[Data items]
Content starts

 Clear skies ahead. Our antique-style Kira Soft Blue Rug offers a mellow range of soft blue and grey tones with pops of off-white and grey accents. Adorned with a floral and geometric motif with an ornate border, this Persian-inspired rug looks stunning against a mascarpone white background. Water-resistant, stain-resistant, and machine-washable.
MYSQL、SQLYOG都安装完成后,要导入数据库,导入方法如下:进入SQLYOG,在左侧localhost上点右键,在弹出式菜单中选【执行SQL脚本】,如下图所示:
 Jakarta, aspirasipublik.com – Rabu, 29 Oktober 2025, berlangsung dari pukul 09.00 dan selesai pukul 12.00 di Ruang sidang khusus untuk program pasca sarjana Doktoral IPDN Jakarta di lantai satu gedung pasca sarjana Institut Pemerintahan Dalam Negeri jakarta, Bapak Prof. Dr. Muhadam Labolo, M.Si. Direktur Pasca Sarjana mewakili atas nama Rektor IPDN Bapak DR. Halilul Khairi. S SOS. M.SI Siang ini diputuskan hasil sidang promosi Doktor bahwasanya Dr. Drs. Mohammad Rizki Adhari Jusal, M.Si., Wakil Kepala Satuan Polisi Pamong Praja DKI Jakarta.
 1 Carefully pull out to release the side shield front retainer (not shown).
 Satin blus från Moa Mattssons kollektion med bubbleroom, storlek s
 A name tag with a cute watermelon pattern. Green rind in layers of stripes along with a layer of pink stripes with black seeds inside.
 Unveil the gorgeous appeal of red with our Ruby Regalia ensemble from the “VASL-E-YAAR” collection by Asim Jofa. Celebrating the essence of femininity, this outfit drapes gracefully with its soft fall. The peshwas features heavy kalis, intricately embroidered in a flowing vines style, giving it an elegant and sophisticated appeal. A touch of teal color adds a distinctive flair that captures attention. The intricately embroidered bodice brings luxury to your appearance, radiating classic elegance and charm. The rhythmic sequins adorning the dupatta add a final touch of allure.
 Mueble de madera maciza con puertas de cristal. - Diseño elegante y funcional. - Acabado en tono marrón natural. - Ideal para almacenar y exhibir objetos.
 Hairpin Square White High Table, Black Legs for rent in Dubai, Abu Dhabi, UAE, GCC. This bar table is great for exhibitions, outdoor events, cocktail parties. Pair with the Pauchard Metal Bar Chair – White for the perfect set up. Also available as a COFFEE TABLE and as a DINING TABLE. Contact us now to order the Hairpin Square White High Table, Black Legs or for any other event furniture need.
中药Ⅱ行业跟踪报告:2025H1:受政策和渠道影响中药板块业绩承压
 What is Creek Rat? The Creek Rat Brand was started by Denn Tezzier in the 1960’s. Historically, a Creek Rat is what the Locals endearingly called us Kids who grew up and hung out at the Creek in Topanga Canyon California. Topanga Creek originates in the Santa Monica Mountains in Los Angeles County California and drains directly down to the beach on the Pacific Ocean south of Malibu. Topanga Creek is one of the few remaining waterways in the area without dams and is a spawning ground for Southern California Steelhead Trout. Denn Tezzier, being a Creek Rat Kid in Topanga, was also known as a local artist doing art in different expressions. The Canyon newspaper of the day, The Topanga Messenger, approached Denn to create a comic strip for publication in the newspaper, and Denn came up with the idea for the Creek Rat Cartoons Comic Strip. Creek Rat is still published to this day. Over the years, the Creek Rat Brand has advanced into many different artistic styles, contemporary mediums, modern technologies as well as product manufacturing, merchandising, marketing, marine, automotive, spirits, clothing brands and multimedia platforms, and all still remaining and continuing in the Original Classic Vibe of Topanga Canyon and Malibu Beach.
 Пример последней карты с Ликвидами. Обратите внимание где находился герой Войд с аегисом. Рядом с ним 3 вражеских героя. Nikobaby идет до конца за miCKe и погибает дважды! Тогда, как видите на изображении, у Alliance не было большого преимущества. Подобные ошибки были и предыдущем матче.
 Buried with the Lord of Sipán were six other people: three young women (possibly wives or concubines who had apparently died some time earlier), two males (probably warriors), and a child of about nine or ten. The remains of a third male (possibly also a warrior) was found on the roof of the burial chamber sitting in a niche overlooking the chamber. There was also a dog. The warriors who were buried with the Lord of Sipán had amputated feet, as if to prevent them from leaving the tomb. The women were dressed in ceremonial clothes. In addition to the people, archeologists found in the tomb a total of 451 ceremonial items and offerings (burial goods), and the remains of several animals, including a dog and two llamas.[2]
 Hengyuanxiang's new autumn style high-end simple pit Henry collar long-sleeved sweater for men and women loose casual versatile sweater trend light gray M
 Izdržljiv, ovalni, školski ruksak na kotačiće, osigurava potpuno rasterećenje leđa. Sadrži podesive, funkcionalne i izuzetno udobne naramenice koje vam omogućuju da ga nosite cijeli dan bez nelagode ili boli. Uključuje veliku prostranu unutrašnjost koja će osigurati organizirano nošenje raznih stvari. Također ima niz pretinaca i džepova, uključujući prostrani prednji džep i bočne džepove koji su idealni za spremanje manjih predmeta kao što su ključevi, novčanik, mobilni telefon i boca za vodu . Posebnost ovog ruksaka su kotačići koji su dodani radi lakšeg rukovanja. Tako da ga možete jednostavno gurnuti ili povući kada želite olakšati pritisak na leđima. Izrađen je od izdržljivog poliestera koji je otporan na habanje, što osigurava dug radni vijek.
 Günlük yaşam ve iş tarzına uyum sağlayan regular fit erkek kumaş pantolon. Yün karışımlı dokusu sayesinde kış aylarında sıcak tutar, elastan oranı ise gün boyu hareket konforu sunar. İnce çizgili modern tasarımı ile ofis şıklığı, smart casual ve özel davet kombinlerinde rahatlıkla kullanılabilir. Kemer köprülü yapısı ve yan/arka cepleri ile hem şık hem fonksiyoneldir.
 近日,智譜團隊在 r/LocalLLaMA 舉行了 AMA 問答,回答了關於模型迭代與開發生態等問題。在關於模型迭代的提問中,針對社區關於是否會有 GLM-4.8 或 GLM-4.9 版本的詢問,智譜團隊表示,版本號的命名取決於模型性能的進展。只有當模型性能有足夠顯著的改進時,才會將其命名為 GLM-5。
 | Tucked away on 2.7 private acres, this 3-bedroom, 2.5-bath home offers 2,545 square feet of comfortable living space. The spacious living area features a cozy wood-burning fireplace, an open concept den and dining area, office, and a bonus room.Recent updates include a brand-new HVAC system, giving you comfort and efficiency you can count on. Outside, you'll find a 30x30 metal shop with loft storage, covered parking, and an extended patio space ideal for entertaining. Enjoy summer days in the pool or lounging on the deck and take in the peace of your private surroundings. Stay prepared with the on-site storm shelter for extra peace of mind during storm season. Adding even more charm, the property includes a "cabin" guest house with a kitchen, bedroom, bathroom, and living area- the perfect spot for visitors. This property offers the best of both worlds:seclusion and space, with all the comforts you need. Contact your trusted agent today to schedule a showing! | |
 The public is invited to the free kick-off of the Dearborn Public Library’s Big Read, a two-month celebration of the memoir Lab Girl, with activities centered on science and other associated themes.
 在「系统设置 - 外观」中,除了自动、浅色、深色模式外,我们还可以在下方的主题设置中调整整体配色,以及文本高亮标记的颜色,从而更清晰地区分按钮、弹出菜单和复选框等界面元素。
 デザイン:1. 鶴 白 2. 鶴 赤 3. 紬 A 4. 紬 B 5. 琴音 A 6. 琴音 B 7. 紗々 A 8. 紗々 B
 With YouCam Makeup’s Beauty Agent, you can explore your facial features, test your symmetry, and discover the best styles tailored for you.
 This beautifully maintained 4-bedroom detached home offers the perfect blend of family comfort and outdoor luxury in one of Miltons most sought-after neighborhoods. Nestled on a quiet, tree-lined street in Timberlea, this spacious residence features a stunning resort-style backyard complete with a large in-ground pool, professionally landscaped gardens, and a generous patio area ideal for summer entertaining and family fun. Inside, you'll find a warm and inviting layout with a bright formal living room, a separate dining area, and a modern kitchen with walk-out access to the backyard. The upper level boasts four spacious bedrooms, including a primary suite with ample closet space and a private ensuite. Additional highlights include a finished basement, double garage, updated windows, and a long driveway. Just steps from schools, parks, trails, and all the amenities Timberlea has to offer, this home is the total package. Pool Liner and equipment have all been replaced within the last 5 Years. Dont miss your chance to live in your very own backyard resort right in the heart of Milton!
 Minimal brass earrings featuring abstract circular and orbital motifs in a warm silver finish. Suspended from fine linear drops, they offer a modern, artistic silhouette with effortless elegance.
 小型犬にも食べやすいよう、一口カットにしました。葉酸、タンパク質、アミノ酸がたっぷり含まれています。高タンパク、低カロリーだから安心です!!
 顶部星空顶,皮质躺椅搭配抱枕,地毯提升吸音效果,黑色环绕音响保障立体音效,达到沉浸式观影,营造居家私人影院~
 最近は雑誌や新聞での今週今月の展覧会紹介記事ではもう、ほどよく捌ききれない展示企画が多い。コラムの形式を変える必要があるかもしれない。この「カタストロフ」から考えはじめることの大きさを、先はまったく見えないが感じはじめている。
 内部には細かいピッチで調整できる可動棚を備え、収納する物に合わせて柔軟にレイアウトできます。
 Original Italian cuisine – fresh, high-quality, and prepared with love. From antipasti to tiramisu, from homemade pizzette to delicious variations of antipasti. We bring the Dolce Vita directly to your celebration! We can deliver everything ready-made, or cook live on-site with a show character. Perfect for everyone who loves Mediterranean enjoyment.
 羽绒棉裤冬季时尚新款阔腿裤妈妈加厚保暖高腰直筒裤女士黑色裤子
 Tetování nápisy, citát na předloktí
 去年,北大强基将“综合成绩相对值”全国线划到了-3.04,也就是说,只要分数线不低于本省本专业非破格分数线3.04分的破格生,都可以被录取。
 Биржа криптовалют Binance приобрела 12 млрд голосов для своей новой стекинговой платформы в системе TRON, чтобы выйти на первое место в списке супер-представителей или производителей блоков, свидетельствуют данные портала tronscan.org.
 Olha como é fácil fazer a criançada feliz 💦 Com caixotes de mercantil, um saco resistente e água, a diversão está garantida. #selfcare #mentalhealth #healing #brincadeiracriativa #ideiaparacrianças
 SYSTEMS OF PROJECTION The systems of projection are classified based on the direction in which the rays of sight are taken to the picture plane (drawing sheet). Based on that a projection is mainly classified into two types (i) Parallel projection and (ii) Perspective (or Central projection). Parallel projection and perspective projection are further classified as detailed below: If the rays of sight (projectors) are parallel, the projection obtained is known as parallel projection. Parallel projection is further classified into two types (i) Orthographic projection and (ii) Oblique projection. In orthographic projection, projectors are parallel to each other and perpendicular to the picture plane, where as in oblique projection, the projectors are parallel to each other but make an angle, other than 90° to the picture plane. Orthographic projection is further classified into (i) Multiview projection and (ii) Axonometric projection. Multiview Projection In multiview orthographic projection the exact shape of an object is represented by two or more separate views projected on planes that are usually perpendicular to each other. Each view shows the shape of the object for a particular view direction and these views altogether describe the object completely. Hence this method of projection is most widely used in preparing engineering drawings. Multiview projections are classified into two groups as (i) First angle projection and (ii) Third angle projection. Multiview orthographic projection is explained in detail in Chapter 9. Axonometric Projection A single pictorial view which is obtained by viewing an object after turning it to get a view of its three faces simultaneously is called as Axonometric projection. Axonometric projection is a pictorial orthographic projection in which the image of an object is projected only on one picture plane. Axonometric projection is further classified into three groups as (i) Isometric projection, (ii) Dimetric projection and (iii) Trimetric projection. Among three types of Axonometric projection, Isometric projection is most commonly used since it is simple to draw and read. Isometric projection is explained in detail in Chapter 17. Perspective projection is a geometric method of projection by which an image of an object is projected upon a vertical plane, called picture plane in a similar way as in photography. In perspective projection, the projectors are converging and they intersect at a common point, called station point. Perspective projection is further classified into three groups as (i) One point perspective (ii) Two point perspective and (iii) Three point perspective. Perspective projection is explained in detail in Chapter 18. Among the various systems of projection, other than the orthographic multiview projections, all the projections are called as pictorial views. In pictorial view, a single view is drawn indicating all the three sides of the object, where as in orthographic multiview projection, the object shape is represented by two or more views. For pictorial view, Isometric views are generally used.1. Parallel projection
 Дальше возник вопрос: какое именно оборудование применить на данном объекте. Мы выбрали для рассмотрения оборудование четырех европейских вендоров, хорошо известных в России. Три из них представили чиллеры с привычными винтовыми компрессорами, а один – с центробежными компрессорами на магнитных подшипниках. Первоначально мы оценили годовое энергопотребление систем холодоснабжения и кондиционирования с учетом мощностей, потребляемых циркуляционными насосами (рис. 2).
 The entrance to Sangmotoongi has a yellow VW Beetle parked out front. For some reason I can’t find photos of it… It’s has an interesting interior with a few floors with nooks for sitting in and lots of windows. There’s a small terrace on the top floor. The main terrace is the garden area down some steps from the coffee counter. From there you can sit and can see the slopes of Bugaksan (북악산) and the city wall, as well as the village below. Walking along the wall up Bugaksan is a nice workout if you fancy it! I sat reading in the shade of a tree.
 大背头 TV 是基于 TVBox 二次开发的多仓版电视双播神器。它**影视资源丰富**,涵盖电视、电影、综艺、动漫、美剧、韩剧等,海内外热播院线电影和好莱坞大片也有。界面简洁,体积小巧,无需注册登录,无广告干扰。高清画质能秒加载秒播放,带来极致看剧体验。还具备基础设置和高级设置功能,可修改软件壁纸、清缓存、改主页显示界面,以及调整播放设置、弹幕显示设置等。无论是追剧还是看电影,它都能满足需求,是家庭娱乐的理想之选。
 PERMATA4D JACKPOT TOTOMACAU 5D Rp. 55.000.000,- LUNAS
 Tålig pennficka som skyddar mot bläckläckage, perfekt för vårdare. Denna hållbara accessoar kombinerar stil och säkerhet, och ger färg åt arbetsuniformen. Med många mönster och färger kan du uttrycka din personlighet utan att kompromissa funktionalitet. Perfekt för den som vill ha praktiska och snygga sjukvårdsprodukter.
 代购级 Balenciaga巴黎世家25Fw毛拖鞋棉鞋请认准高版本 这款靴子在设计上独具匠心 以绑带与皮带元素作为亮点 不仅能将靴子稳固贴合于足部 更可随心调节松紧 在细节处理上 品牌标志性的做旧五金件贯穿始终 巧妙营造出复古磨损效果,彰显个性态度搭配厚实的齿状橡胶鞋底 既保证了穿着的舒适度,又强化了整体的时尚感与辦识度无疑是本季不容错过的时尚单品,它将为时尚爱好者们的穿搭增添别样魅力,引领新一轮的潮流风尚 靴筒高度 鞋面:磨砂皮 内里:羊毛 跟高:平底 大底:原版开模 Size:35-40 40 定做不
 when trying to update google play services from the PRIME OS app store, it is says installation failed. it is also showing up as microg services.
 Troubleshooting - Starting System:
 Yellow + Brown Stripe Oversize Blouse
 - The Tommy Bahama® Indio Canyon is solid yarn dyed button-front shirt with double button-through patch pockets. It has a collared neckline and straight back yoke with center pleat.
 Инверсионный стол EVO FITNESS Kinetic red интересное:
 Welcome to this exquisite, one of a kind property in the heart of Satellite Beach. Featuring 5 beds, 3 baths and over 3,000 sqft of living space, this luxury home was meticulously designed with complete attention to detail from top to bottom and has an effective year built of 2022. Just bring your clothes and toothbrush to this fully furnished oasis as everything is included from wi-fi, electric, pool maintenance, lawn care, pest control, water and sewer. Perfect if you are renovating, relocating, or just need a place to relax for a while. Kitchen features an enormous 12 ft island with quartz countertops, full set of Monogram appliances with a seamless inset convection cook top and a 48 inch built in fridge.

Content ends

### [TASK DESCRIPTION]
Starting at the line with "Инверсионный стол EVO", copy every line up to and including the last one in the entries above.

### [RESULT OF THE EXERCISE]
 Инверсионный стол EVO FITNESS Kinetic red интересное:
 Welcome to this exquisite, one of a kind property in the heart of Satellite Beach. Featuring 5 beds, 3 baths and over 3,000 sqft of living space, this luxury home was meticulously designed with complete attention to detail from top to bottom and has an effective year built of 2022. Just bring your clothes and toothbrush to this fully furnished oasis as everything is included from wi-fi, electric, pool maintenance, lawn care, pest control, water and sewer. Perfect if you are renovating, relocating, or just need a place to relax for a while. Kitchen features an enormous 12 ft island with quartz countertops, full set of Monogram appliances with a seamless inset convection cook top and a 48 inch built in fridge.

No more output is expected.